** Data records follows **

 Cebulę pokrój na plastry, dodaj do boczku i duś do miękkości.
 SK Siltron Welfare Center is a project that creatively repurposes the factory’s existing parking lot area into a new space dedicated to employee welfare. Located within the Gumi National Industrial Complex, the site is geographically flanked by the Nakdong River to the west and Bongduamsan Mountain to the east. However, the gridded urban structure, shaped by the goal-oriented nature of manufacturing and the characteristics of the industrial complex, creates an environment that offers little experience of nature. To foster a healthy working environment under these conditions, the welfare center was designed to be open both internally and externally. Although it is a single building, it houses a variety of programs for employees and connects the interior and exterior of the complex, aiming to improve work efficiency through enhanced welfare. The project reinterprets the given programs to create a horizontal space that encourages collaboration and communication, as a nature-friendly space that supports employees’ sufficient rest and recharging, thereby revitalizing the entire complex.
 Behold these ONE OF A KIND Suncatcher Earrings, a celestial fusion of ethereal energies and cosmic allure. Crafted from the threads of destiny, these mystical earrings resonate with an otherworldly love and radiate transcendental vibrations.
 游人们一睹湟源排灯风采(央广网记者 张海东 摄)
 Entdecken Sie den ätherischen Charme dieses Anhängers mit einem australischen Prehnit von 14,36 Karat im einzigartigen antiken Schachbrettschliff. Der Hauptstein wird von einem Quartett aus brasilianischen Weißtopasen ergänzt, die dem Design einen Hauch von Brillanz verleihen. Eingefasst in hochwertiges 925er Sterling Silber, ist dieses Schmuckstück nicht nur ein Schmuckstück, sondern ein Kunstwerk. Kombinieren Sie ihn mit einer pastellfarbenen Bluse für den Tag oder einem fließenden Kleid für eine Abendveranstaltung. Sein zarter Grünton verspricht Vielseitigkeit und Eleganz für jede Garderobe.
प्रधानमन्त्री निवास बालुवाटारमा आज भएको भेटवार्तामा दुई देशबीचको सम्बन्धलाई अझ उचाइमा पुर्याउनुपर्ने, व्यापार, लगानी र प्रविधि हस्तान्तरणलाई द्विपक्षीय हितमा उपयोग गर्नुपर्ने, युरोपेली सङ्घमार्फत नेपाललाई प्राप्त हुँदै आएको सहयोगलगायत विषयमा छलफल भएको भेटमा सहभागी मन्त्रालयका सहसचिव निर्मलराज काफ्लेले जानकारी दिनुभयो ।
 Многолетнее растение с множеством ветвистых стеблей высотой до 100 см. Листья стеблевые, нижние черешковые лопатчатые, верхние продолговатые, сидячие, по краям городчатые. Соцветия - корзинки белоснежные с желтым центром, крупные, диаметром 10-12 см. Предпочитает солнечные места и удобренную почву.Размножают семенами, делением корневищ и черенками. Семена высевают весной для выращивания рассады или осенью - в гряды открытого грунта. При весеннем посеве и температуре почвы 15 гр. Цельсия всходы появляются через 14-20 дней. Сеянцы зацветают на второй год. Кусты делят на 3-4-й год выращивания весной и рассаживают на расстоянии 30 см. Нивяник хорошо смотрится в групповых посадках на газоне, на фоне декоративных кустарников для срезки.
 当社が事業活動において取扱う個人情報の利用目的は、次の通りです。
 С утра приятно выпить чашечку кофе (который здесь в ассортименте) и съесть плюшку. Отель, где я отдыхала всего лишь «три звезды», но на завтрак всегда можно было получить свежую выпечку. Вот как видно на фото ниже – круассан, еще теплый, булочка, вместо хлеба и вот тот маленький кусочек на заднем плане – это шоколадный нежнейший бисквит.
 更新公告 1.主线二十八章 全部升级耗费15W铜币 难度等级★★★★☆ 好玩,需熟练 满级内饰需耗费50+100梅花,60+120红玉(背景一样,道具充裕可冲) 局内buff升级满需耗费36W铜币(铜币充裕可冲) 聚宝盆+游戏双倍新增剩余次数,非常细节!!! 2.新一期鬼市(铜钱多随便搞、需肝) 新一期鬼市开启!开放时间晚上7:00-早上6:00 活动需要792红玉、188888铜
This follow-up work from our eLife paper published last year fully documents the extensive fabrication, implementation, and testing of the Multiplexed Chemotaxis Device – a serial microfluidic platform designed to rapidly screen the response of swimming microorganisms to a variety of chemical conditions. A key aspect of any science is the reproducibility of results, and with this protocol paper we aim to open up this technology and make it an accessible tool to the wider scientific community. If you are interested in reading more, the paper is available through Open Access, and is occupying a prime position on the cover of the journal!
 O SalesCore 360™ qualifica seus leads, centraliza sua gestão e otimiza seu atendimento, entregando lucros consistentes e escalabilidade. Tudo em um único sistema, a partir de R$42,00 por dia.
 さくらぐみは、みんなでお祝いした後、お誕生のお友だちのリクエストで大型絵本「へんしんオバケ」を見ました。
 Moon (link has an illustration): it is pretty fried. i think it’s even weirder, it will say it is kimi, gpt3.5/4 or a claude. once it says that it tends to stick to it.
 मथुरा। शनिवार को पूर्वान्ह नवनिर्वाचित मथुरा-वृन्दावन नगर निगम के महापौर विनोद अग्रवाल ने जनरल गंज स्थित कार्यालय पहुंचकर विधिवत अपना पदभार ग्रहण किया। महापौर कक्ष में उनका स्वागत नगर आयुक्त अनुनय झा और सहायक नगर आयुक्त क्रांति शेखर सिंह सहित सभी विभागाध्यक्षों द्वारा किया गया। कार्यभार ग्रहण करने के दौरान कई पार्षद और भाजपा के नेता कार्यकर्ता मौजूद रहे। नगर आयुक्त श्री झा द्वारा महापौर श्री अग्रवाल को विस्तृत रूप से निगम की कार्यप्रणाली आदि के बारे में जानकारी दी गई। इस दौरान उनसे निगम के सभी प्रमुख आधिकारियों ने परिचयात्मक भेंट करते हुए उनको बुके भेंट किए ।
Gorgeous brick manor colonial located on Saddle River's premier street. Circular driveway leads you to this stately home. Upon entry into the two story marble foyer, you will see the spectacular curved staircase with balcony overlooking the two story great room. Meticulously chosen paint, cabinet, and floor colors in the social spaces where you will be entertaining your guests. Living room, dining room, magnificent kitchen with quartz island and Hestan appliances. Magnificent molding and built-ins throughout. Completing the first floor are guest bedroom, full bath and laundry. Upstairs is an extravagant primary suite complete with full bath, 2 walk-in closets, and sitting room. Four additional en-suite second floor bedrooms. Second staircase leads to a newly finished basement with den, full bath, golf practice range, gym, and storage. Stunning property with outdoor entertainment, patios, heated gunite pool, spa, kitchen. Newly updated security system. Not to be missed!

** End of Data records **

*What is being asked:*
Please return the lines above that run from the line containing "Behold these ONE" to the line containing "Entdecken Sie den", inclusive, exactly and with no other lines.

*Answer to this problem:*
 Behold these ONE OF A KIND Suncatcher Earrings, a celestial fusion of ethereal energies and cosmic allure. Crafted from the threads of destiny, these mystical earrings resonate with an otherworldly love and radiate transcendental vibrations.
 游人们一睹湟源排灯风采(央广网记者 张海东 摄)
 Entdecken Sie den ätherischen Charme dieses Anhängers mit einem australischen Prehnit von 14,36 Karat im einzigartigen antiken Schachbrettschliff. Der Hauptstein wird von einem Quartett aus brasilianischen Weißtopasen ergänzt, die dem Design einen Hauch von Brillanz verleihen. Eingefasst in hochwertiges 925er Sterling Silber, ist dieses Schmuckstück nicht nur ein Schmuckstück, sondern ein Kunstwerk. Kombinieren Sie ihn mit einer pastellfarbenen Bluse für den Tag oder einem fließenden Kleid für eine Abendveranstaltung. Sein zarter Grünton verspricht Vielseitigkeit und Eleganz für jede Garderobe.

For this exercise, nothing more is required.